**Information supplied**

★ ★ ★ ★

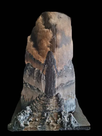 Το δεύτερό μου έργο τα Πέτρινα Σύνορα – όπως προαναφέρω- είναι εμπνευσμένο από το βιβλίο μου με τίτλο «ΣΚΟΤΕΙΝΗ ΧΙΜΑΙΡΑ» το οποίο επίσης παραθέτω στην παρούσα έκθεση, μιας και συνάδει απόλυτα με τη θεματική της. Η τοποθέτηση του βιβλίου αποτελεί πρωτοβουλία της διοργανώτριας της έκθεσης και ιδιοκτήτριας του χώρου Νατάσας Γκοβεδάρου, διότι στις σελίδες του πέραν του αστυνομικού-παραφυσικού χαρακτήρα του, αποτυπώνεται και η αιχμαλωσία-ομηρία μιας γυναικείας ύπαρξης στα μπουντρούμια ενός σπιτιού, από την ίδια της την οικογένεια, κάτω από άθλιες συνθήκες διαβίωσης που δεν συνάδουν με την ανθρώπινη ύπαρξη και ζωή, εξαιτίας των ιδιαίτερων ψυχικών δυσλειτουργιών της.
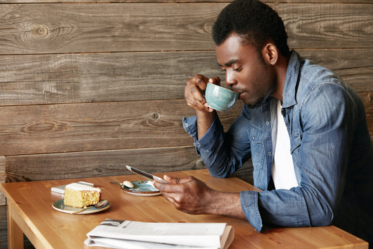 Handsome black male in casual wear checking email or reading world news on digital tablet computer drinking morning cappuccino, sitting at the wooden table at a cozy cafe. Connection and technology
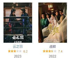前面说到的上桌吃饭的古装演员,丞磊和锦超,他们后期正儿八经进入内娱,分别参演的《长月烬明》和《云之羽》,评分仅为 5.6 和 6.2。

★ ★ ★ ★

**Activity**
Output all of the data exactly. Skip the pictures.

**Solution to this problem**
 Το δεύτερό μου έργο τα Πέτρινα Σύνορα – όπως προαναφέρω- είναι εμπνευσμένο από το βιβλίο μου με τίτλο «ΣΚΟΤΕΙΝΗ ΧΙΜΑΙΡΑ» το οποίο επίσης παραθέτω στην παρούσα έκθεση, μιας και συνάδει απόλυτα με τη θεματική της. Η τοποθέτηση του βιβλίου αποτελεί πρωτοβουλία της διοργανώτριας της έκθεσης και ιδιοκτήτριας του χώρου Νατάσας Γκοβεδάρου, διότι στις σελίδες του πέραν του αστυνομικού-παραφυσικού χαρακτήρα του, αποτυπώνεται και η αιχμαλωσία-ομηρία μιας γυναικείας ύπαρξης στα μπουντρούμια ενός σπιτιού, από την ίδια της την οικογένεια, κάτω από άθλιες συνθήκες διαβίωσης που δεν συνάδουν με την ανθρώπινη ύπαρξη και ζωή, εξαιτίας των ιδιαίτερων ψυχικών δυσλειτουργιών της.
 Handsome black male in casual wear checking email or reading world news on digital tablet computer drinking morning cappuccino, sitting at the wooden table at a cozy cafe. Connection and technology
前面说到的上桌吃饭的古装演员,丞磊和锦超,他们后期正儿八经进入内娱,分别参演的《长月烬明》和《云之羽》,评分仅为 5.6 和 6.2。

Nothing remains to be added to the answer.